About continuing to serve while fighting for his health, he said, “I thought about if I should resign or move on, but it was good to be able to continue to serve. In any situation if you’re discouraged or if you can do something serving others, I guess that’s what this public service stuff is about.”
Around this time in May of 2019, John lost his adult son Jacob, who his father said was “bright,” but was “struggling with some mental issues.”
Jacob had moved in with his father and step-mother. John had helped him find a job on a ranch. Jacob seemed to be doing well when one day he became upset about news of his father’s health problems and took off on an ATV owned by the ranch where he was working. Sanpete Search and Rescue looked for him for two weeks. Fliers containing his photo went up throughout the county.
Ultimately, his siblings organized a private search. Volunteers found the ATV on the east slope of the west mountains and found his body nearby. The death triggered shock and an outpouring of sympathy from throughout the county.
John said he dealt with the loss on top of his health problems with a mind-over-matter approach.
“You don’t always have control of what happens to you, but you have control over how you respond. You can be angry at God, angry at lots of things, or you can look at everything and find something good in it,” he said.
In January of 2020, John had a heart attack after a funeral in Provo. In the months that followed, he learned he had Acute Respiratory Distress Syndrome, a disease that kills 95 percent of patients.
“I’ve learned to love the nurses, the caregivers. They take such good care of people,” he said. He joked about how with so few survivors, they have done well to manage his condition with “not a lot of experience with the life after” ARDS.
He also contracted Pulmonary Arterial Hypertension this year. Even in St. George, where he is moving to be able to breathe more easily, he is still on oxygen most of the time.
“It’s a miracle, things now even compared to what I was a couple months ago,” he said. “By doing everything I can to get better, it feels as though the Heavenly Father is able to cover the rest of the road.”
He said he decided he needed to move in August. He realized the severity of the difficulty he has breathing in Sanpete County altitude while on a camping trip. By comparison, he said he barely needed breathing support on a recent visit to Disneyland.
During his final meeting on Wednesday, Nov. 4 after living in St. George for two weeks, he told the town council “it does make a difference in my life” to live and breathe there.
His final act as mayor that night, typifying his commitment to public service, was to plan a pandemic-friendly way for Santa to visit all the families in Mayfield this year, a tradition that has gone on for decades.
He said aside from leaving the place he calls home, he also regrets that he cannot beat his father’s record for terms spent as mayor.
Going forward, John and Julie will look forward to seeing their 21 grandchildren, as well as another on the way for Hanna.
John and Julie live near the Virgin River on the outskirts of town in a “quiet, small, community-minded area.”

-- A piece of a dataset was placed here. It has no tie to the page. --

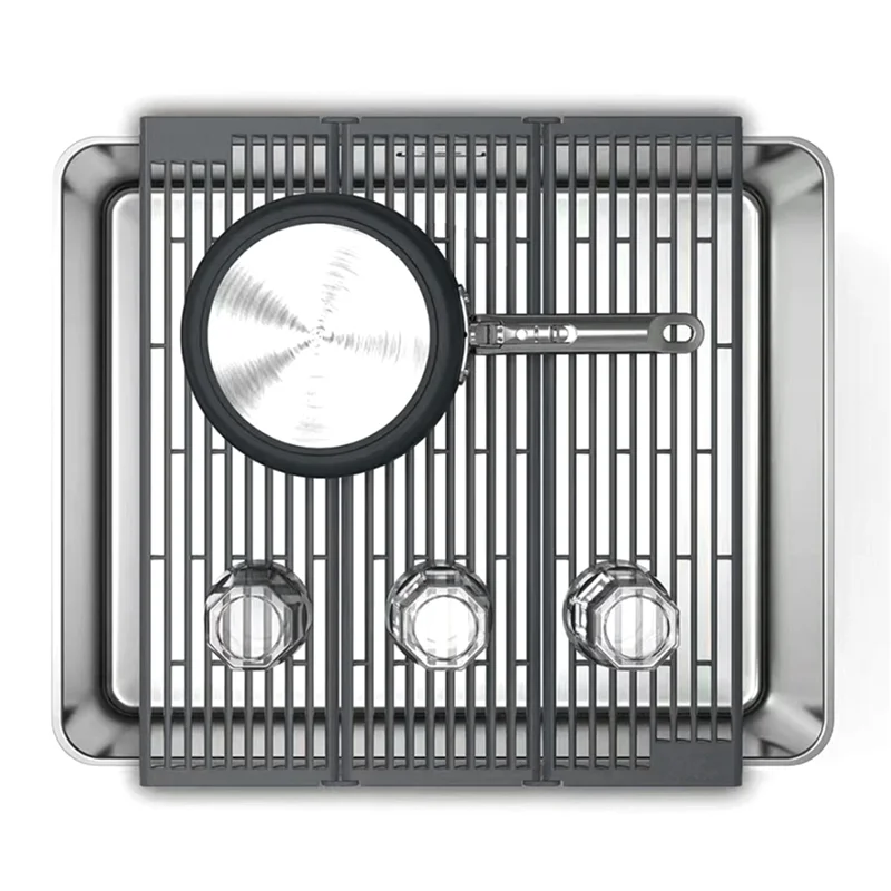 Caractéristique innovante anti-éclaboussures : conçu avec une structure unique anti-éclaboussures, ce égouttoir pliable éloigne les éclaboussures d’eau, garantissant que vos comptoirs et vos environs restent secs et propres.Parfait pour maintenir un environnement de cuisine soigné.

John plans to stay in the loop with Mayfield and the council and to keep his position on the Board of Utah Cities and Towns to give voice to rural communities there.
He says although he has to make sacrifices, he has learned to be happy regardless. He compares his experiences to Carol Lynn Pearson’s “Trial Number Five,” in which a woman is presented with the” trial” she fears most, gift-wrapped. The final stanza of the poem reads:
“Sent with love from / Those whose assignment it is / To make sure you know / That you can go / Through trials one, two, / Three, four, ninety-nine, / Or five- / And, incredibly, / Come out alive.”
“I know we only get blessings, part of that is we have to do what we can to make things happen,” he said, reflecting the bitter sweetness of moving to St. George.